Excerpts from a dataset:
============================================================
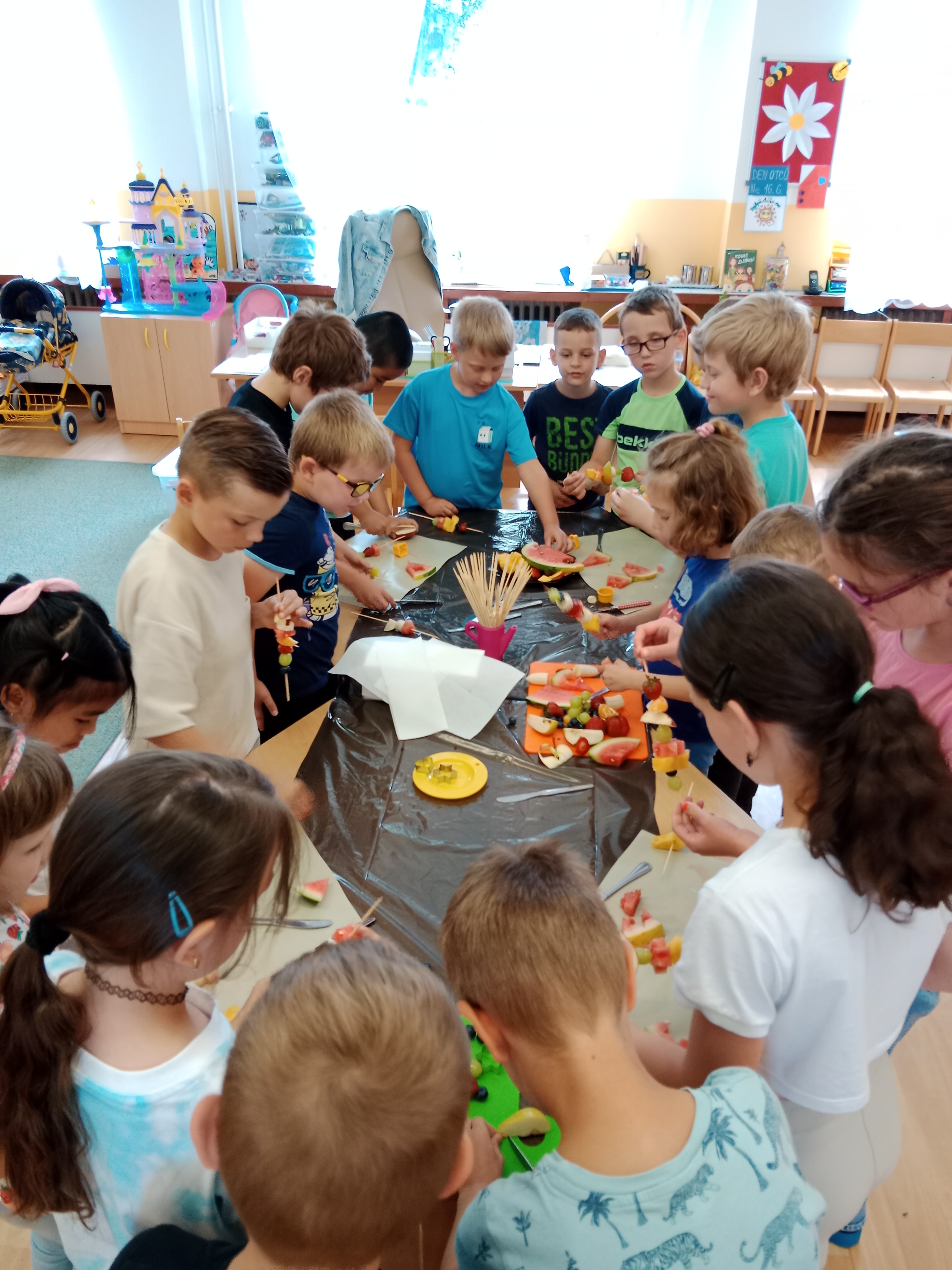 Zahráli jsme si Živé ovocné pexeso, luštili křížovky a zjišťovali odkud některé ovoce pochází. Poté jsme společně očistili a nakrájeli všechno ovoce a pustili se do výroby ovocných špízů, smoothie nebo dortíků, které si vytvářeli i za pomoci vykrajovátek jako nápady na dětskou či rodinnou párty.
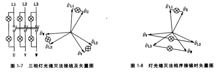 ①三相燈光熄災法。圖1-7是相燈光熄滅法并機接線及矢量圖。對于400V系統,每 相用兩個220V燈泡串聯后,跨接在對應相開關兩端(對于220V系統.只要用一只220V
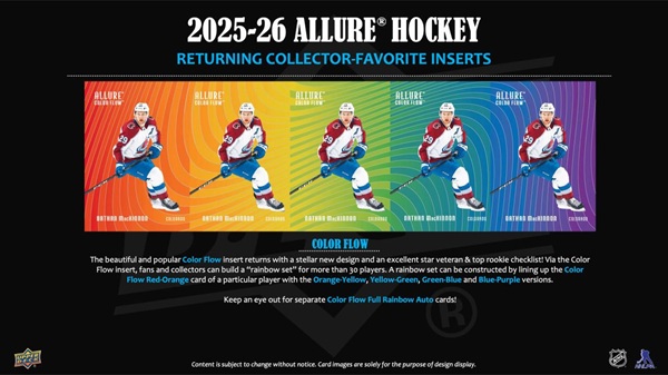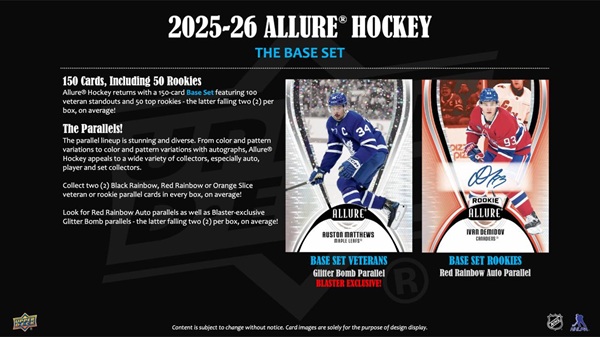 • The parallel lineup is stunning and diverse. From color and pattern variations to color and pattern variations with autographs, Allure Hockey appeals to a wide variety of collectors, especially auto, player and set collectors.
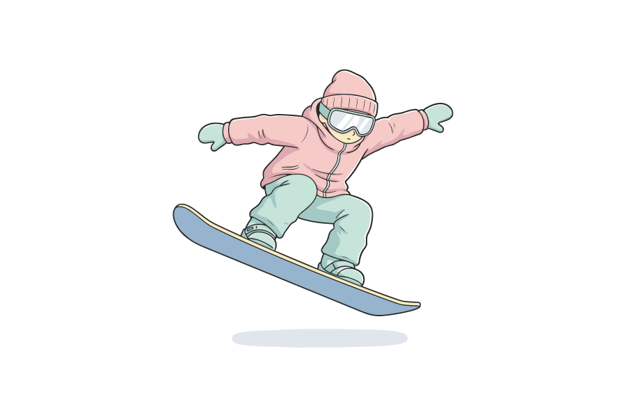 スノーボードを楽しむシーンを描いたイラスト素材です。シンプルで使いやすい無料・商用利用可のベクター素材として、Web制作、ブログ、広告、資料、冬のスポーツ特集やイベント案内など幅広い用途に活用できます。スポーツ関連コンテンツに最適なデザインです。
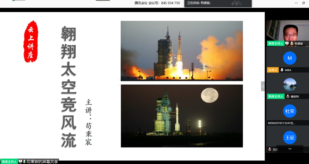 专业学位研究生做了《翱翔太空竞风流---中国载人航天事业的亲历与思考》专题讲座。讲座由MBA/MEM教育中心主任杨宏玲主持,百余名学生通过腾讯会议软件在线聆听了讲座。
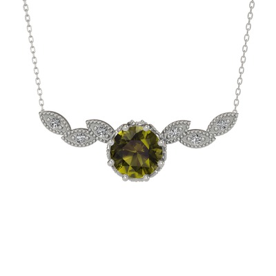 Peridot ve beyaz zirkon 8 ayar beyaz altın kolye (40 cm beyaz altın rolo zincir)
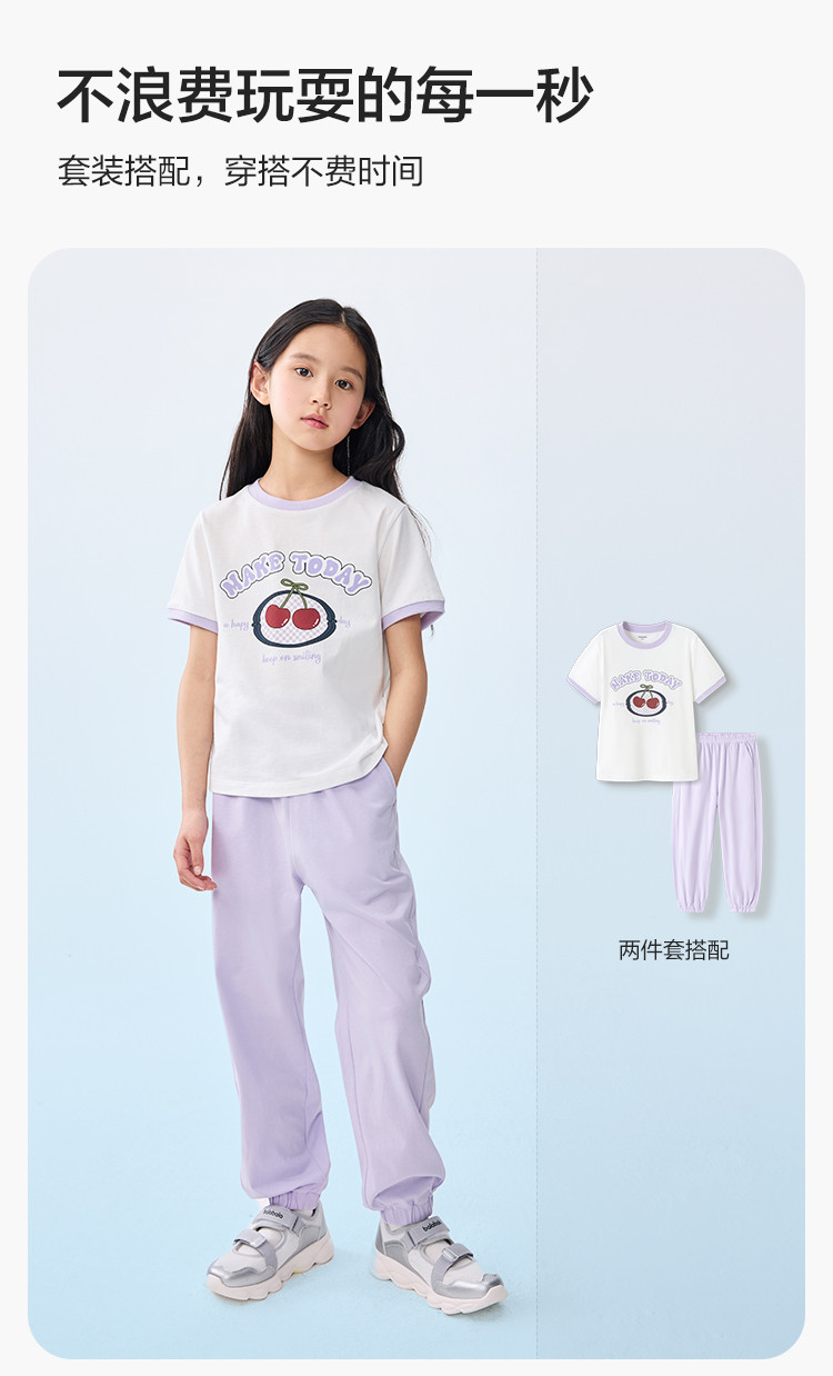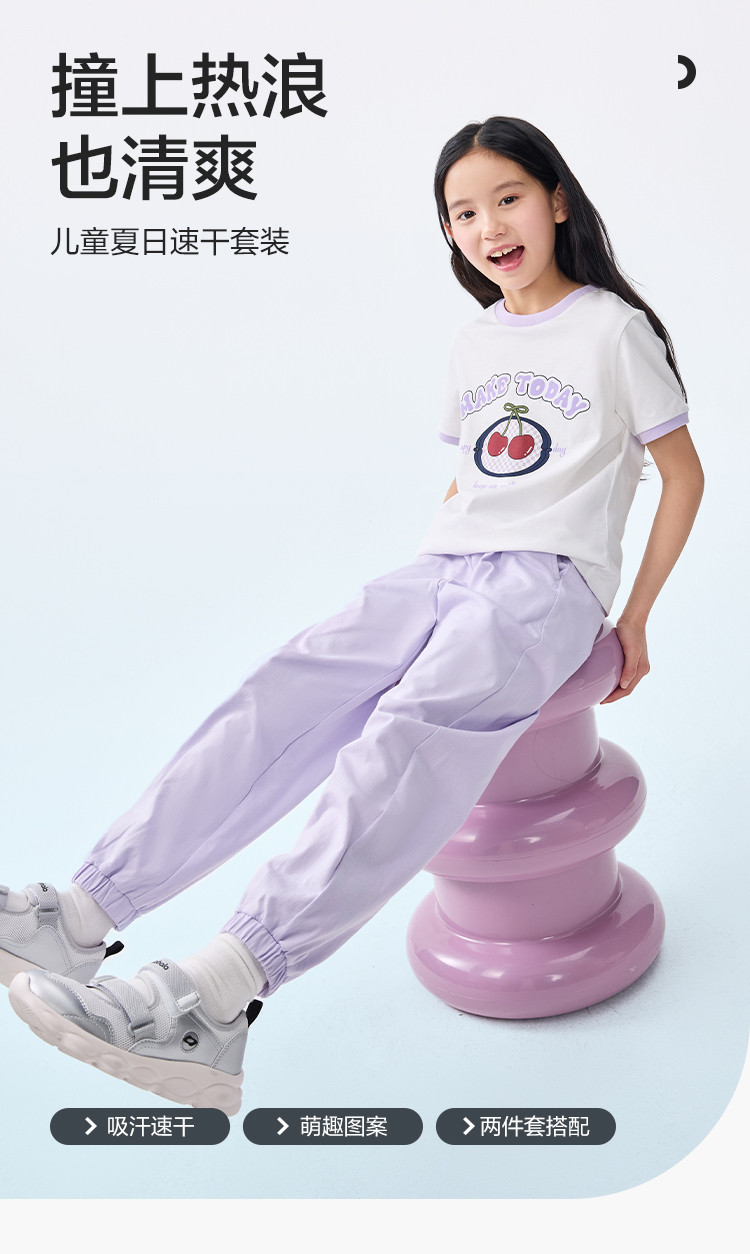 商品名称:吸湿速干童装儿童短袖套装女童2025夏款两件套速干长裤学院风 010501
============================================================
◆ Aim of the exercise
Only one thing is required: an exact printout of the lines from the line containing "Peridot ve beyaz" through the last line of the records, pictures excluded.

◆ Task solution
 Peridot ve beyaz zirkon 8 ayar beyaz altın kolye (40 cm beyaz altın rolo zincir)
 商品名称:吸湿速干童装儿童短袖套装女童2025夏款两件套速干长裤学院风 010501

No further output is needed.